Simply using Tmax, however, does not solve remaining problems associated with (a) urbanization as cities will still be hotter in the day than the countryside, (b) the time-of-observation bias, (c) location changes, and (d) instrumental upgrades. With that in mind, it is further recommended that long-term datasets of hourly temperatures be digitized and investigated for use as indicators of climate variability and change as they avoid some of the problems inherent with the extrema of daily temperatures.

7 Conclusion

In this investigation we demonstrate a method to improve the surface temperature values for climate studies now based on daily high and low temperatures recorded during 24-h periods. Using the temporal metric of 5-day averages (pentads), we generated daily high and low temperatures (TMax and TMin) for 16 stations in the San Joaquin Valley of California, USA, in an attempt to document the influence of infrastructure expansion around the largest city in the sample, Fresno, over the period 1895 to 2019. Applying a breakpoint detection and adjustment technique based on statistical significance and intercomparing all stations with each other, we created an adjusted time series of all stations in which these shifts relative to other stations were removed.

Comparing Fresno versus the average of the much less-urbanized stations, we detected a significant warming in Fresno TMin values, especially over the 50-year period of its largest growth 1970–2019. It is clear that TMin in Fresno has been impacted by urbanization with an estimated effect of at least + 0.4 °C decade−1 as this is the amount our analysis suggests Fresno has warmed relative to the non-Fresno stations. Since there has likely been some urbanization impact on the non-Fresno stations, too, the value of + 0.4 °C decade−1 should be considered a lower bound on the influence of surface development on TMin around Fresno.

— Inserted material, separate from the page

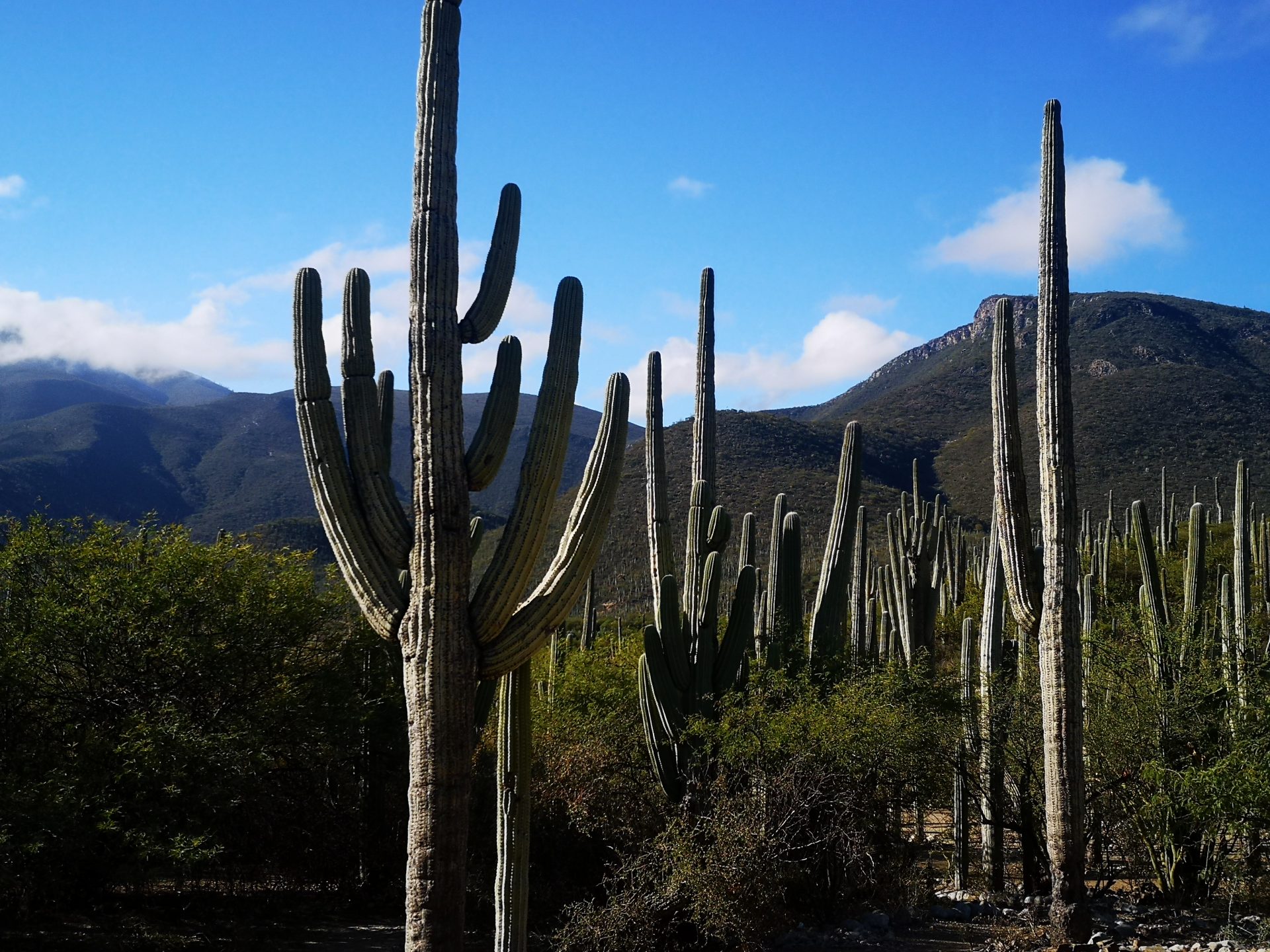 Me estoy refiriendo al valle de Zapotitlán y a la reserva de biosfera de Tehuacán-Cuicatlán, que en sus 500 Ha, albergan hasta unas 3.000 especies diferentes de plantas, con un 30 % de endemismos (algo increíble) de las que hay que destacar sin duda las cactáceas, con 45 especies del total de 70 que hay en todo México y claro sin olvidar los agaves, de los que se produce el mezcal, por destilación del maguey bebida de dioses y con aguante por sus 50º de alcohol y con denominación de origen de Puebla, en este caso.

This result is consistent with boundary-layer theory; TMin occurs in a shallow nocturnal boundary layer that may be systematically disturbed through time, resulting in an increasing tendency for warm air above to be mixed to the surface (i.e., impeding the usual decoupling of the surface cool layer from warm air above). Factors that cause such increased mixing include (a) buildings which disrupt the vertical wind profile to prevent the decoupling between the cool surface layer and the warmer air above, (b) increases in thermal absorbing constituents such as aerosols or greenhouse gases which retard radiational cooling of the surface, and (c) changes in surface type to those more conducive to increasing heat content (e.g., vegetation to concrete) and keeping temperatures warmer through the night than otherwise would be the case. These all interact to redistribute the heat in the vertical profile from higher levels down to the surface, but do not increase the heat content in the total column by a meaningful amount. Since 1970, the trend of the time series of differences TMin minus TMax for Fresno was + 0.36 °C decade−1. The same metric for the non-Fresno stations was an insignificant − 0.08 °C decade−1, indicating again a warming rate for TMin unrelated to large-scale atmospheric forcing.

The overall TMax trend for Fresno and the non-Fresno stations during the period 1895–2019 was negligible, + 0.01 and − 0.05 °C decade−1, respectively, with an estimated error of ± 0.10 °C decade−1. This is an indication that the larger scale climate variations have not experienced any unusual change since 1895 in this region. We also demonstrated that there may be value in hourly readings of temperature as they avoid some of the convoluted impacts on the metrics such as TMax and TMin.